姬胡没头没脑地问道:“黄嬴娘娘安在?”
鄂姞十分不悦道:“大王新即王位,当为天下臣民之表率。见到母后,既不施礼也不问安,劈头便问一个妃妾的所在,大王此言行,合乎《周礼》否?”
姬胡耐着性子下辇施了个礼,问道:“嫡后娘娘,请问黄嬴娘娘是否安好?”
死活就是不肯称“母后”,鄂姞对这个继子也是没有好气,怒道:“那婢子已赐白绫,如今已气绝身亡。后日先王发丧,一同抬入王陵侧耳室吧。便宜她了!”
“啊!”一旁的东儿已是身形摇晃,掩面痛哭道:“娘娘——”
姬胡死死盯着鄂姞,一字一顿道:“孤才是周王,是天子。嫡后要黄嬴殉葬,为何不与孤商议而自行决断?”

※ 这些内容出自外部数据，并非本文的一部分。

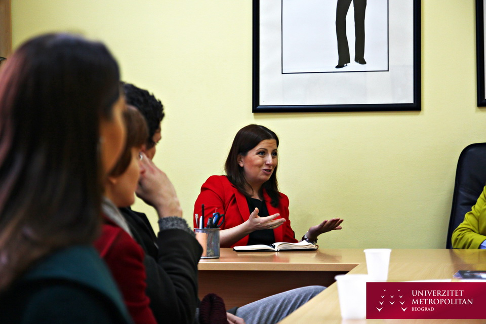 Poseta je bila izuzetno dobro organizovana i sastojala se iz tri dela. U prvom bloku, Afrodita Bajić, osnivač, vlasnik i zamenik direktora modne kuće, podelila je sa studentima svoje iskustvo o tome kako je nastao AMC, kako se razvijao brend i gde je sada, a gde želi da brend AMC bude u budućnosti. Posebno je istakla važnost pristupa poslu, kao i činjenicu da biti vlasnik znači samo više posla i odgovornosti, jer je važno da svojim primerom pokažete da poštujete disciplinu. „Ako dođete na posao već u 7:05h, znači da ste zakasnili i da treba da se vratite kući“, metaforički je objasnila svoj pristup poslu i biznisu gospođa Afrodita Bajić.
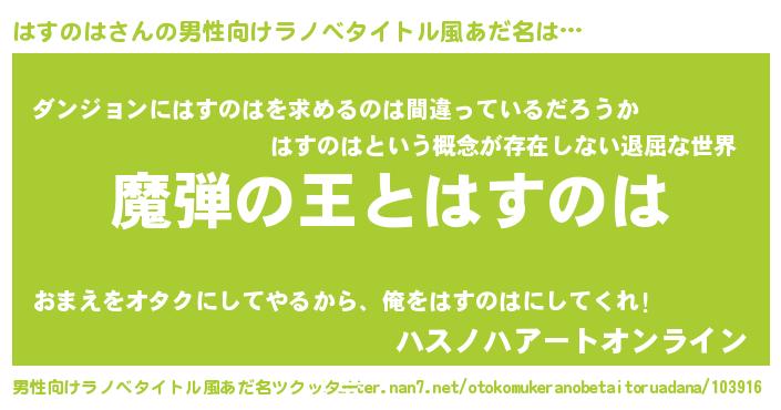 | 女子向けラノベタイトル風あだ名 | 『乙女ゲームの破滅フラグしかない悪役はすのはに転生してしまった…』 |
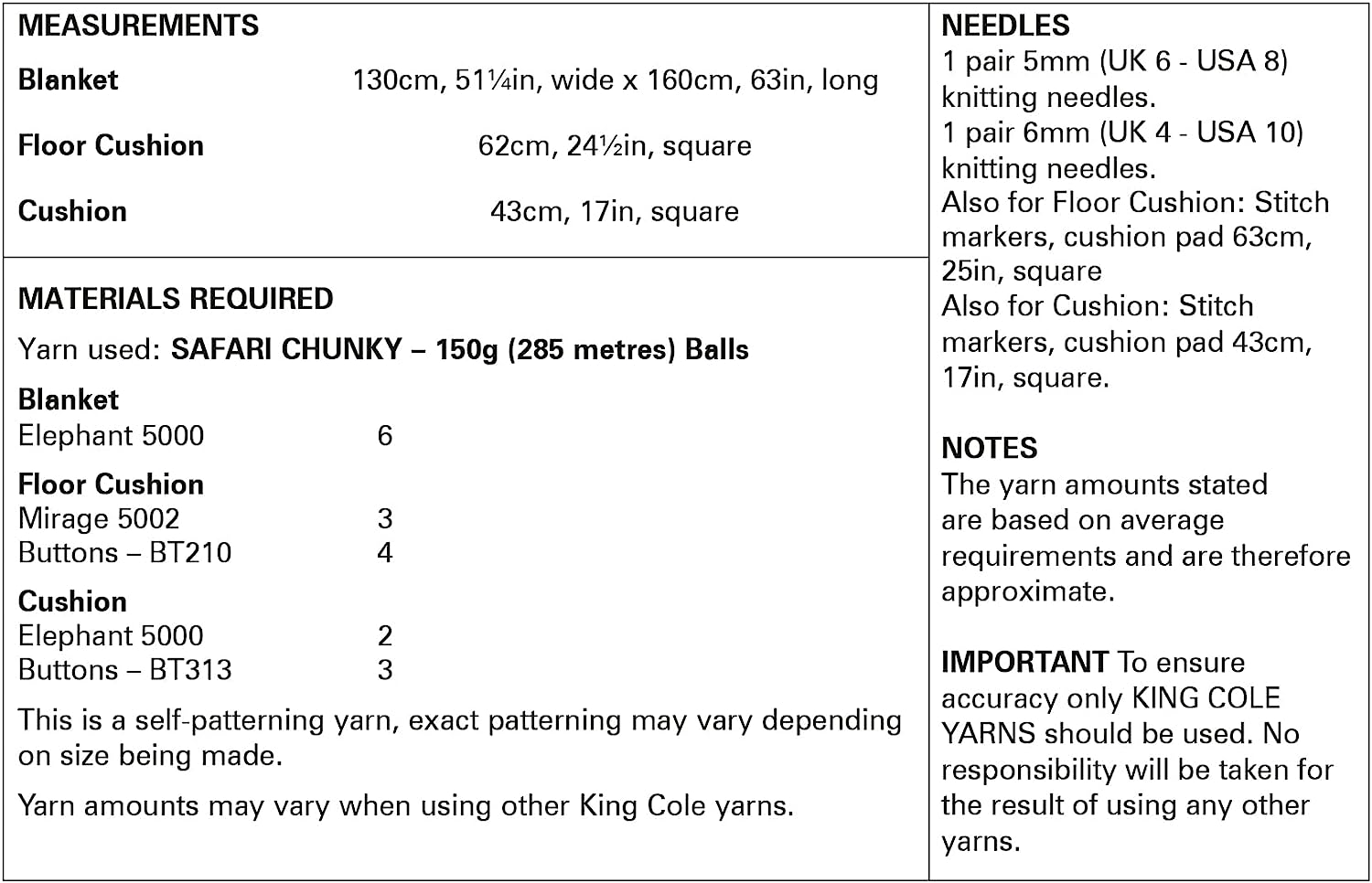 - Please see second image for suggested yarns, needle sizes and quantities required to make the garments

鄂姞毫不退让:“大王尚未加冠,便不能亲政。朝政之事有召公料理,这后宫之事,自然由我说了算。待大王大婚,娶了申姜,我自会将这后宫权柄移交。何必现在等不及?”
“你------”姬胡怒气上涌,正待发作,内侍贾拉了拉他的袖口。毕竟鄂姞有个继母的名份在上,现在不是撕破脸的时候,姬胡强压怒气,冷冷道:“嫡后娘娘不要忘记了,先王虽下了封后诏命,但却从未领娘娘入太庙告祭祖先。说起来,大周历代先王还没见过您这个媳妇,做不得数的!”
一番话正中靶心,鄂姞只觉天旋地转,少了告庙这么一道程序,她这个王后始终是名不正言不顺,直不起腰杆来。如此,真是硬伤啊------
“孤去看看黄嬴娘娘。也让东儿和三弟见最后一面。”姬胡拂袖而去,缓缓向蔓萝居走去。夜风将他的调子拖得悠长:“今后,三弟便交由少己表姐抚养。嫡后娘娘已有了二弟尚父承欢膝下,其余的,便不劳您费心了。”
鄂姞的拳头攥得紧紧的,只是被袖口掩蔽,谁也没看见------
望楼,不仅是王宫,也是整个镐京城最高的建筑。登临最高处,不仅可以远眺沣镐两水浩荡之势,更可以凭栏俯瞰,镐京街景尽入眼帘。